La marcia del papa sull’ateneo romano nel giorno dell’inaugurazione dell’anno accademico è solo un’operazione politica e come tale deve essere valutata, anche se non è facile districarsi fra le manovre in corso che si vanno intrecciando nei meandri dei palazzi e al di qua e al di là del Tevere.

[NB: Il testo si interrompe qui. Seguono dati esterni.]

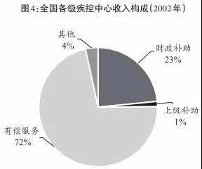 2002年,卫生部推动“两项体制改革”,将各级卫生防疫站原有的卫生执法、监督职能剥离,只保留其疾病预防控制、公共卫生技术管理和服务等职能,整体更名为各级“疾病预防控制中心”(以下简称“疾控中心”)。与改制前的卫生防疫站不同,改制后的疾控中心是单纯的事业单位,而不再是具有行政执法权的政府部门。这一年,全国各级疾控中心的收入中,财政补助与上级补助加在一起,占比不过只有区区24%,而有偿服务占比却高达72%(见图4)。只有不务疾病预防控制这个“正业”,才可能出现这样不正常的局面。
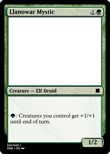 Llanowar Mystic (surprisingly a name not taken) was something that I think could help buff your creatures for an aggressive strategy. I originally had it be a tap ability, but decided to make it a mana sink ability as a way to help be an offensive tool, while also having some defensive utility.
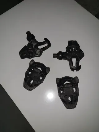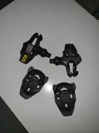 Par de pedales de carretera. - Diseñados para ciclismo. - Material: Plástico y metal. Usados . Estado aceptable . Lleva regulador de tensión. Va sin calas
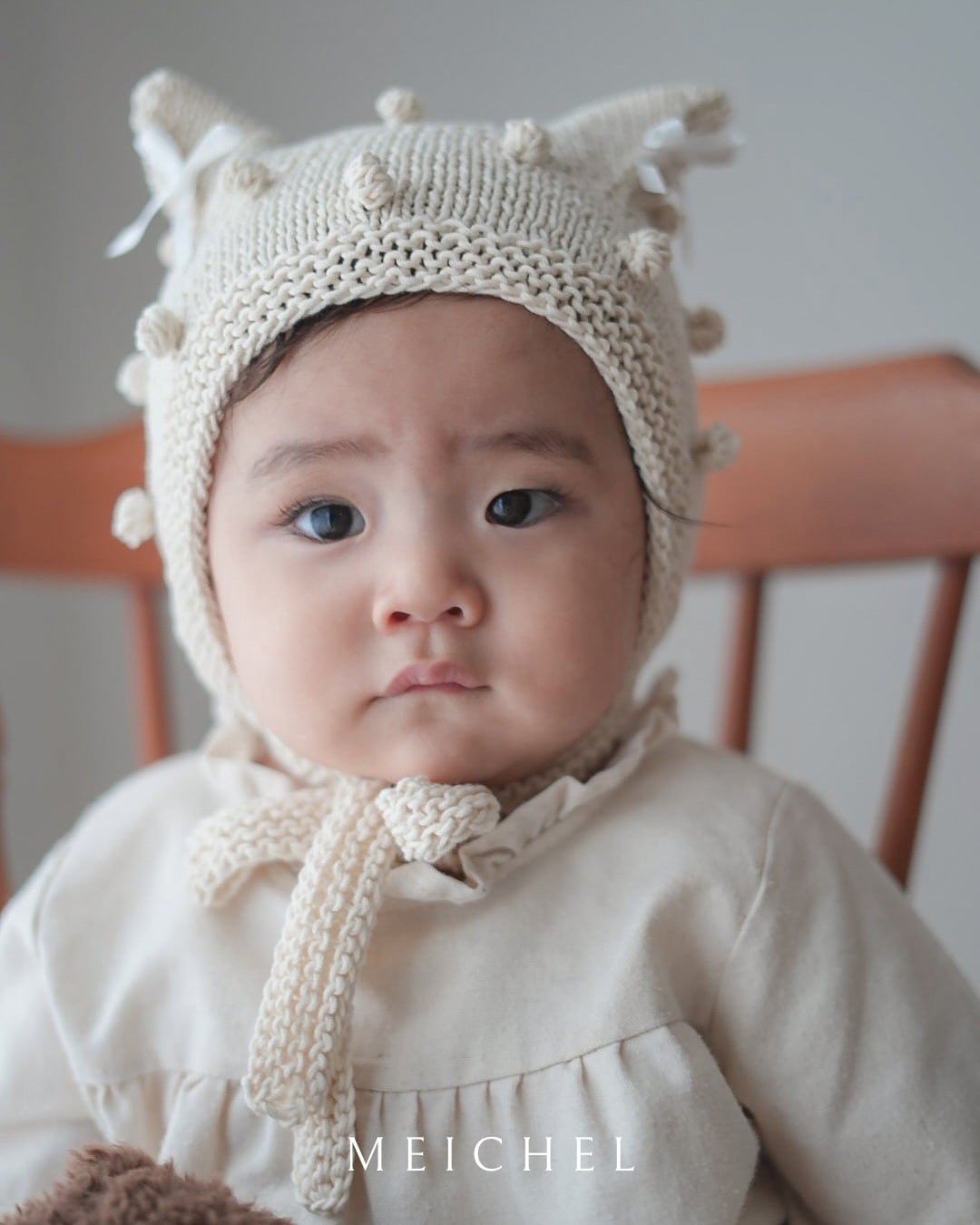 #ハンドメイド #ニットボンネット #ベビーボンネット #ニット帽子 #アニマルボンネット #猫耳ボンネット #くま耳ボンネット #クマ耳ボンネット #ネコ耳ボンネット #白猫 #しろくま #コスプレ #handmade #knitbonnet #babybonnet #animalbonnet #kittybonnet #bearbonnet

Ci sono però due certezze.
Le già difficili vicende della costruzione del Partito democratico si stanno avviluppando con le lotte per la gestione della Curia vaticana fra i fedeli di Ruini e la fazione del cardinale Bertone, fra l’Opus dei e i gesuiti. Ne traspare qualche traccia dalla pantomima intorno all’udienza papale ai capi delle amministrazioni romane, dall’atmosfera di sospetto creata intorno alla Congregazione generale della Compagnia di Gesù, dalla ridda di notizie intorno alla nomina del nuovo Vicario di Roma. Ne testimoniano l’incursione di Ferrara alla riunione per l’approvazione dello Statuto del Pd e la presenza al suo fianco della ministro Livia Turco alla veglia di riparazione anticipata dell’offesa fatta al papa dalla lettera degli accademici e dalla settimana di contestazione degli studenti romani.
L’altra certezza è la conferma dell’intreccio tra le sorti della “casta” dei politici con quella degli ecclesiastici: indifferenti gli uni alle sorti dello Stato e gli altri a quelle della Chiesa.

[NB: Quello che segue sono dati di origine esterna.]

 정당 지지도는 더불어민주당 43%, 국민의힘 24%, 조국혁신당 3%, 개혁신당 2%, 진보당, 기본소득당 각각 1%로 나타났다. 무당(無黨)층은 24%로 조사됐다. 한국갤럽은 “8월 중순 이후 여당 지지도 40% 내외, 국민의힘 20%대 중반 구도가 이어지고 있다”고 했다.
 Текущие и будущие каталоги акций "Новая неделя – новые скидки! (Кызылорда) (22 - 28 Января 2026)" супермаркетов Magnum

A tal proposito urge che nella Chiesa italiana laici e preti ritrovino se non lo spirito di Savonarola almeno il coraggio di Rosmini e la fermezza di De Gasperi per denunciare le nuove piaghe della Chiesa e opporsi alla sfrontatezza del Pio XII pronto a benedire oggi l’alleanza dei teo-con e dei teo-dem contro la democrazia come nel 1952 l’alleanza fra democristiani e fascisti nell’elezione comunale di Roma.
Non possono continuare a cercare alibi nelle forme deplorevoli di certo anticlericalismo ottocentesco o a gingillarsi nella distinzione tra laicismo, cattivo, e laicità, buona. Le prime trovano forza nei rigurgiti di clericalismo, che si credevano impensabili dopo la stagione conciliare. L’altra è un’ipocrita negazione del parassitismo culturale esercitato da oltre un secolo dalla cultura cattolica costretta a rincorrere e “battezzare” le conquiste che liberali e socialisti hanno conseguito nel promuovere libertà e uguaglianza e affermare diritti e sovranità popolare.

P.S.: Quanto detto vale anche se con un gesto di ritrovata lucidità il papa dovesse rinunciare alla marcia sulla Sapienza.